* **Task directions**: Everything in the listing below from the line containing "Kids Night Light" through the line containing "あやしげな目つきがクセになる" must be repeated exactly; the remaining lines are not wanted.

* **Data shown**:
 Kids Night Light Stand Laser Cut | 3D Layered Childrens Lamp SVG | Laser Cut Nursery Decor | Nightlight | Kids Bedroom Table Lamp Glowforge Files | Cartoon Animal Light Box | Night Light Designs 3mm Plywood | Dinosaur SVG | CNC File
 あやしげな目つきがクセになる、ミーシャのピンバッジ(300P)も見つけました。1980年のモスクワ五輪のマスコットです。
...
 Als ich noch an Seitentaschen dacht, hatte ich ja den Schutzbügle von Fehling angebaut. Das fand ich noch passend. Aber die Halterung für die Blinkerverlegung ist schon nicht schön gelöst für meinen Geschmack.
...
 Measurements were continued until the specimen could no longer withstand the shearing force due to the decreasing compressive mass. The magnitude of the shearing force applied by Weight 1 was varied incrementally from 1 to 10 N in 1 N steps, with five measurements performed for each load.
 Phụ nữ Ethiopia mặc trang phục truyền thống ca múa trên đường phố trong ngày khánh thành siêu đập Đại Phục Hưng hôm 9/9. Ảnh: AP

* **Your solution**:
 Kids Night Light Stand Laser Cut | 3D Layered Childrens Lamp SVG | Laser Cut Nursery Decor | Nightlight | Kids Bedroom Table Lamp Glowforge Files | Cartoon Animal Light Box | Night Light Designs 3mm Plywood | Dinosaur SVG | CNC File
 あやしげな目つきがクセになる、ミーシャのピンバッジ(300P)も見つけました。1980年のモスクワ五輪のマスコットです。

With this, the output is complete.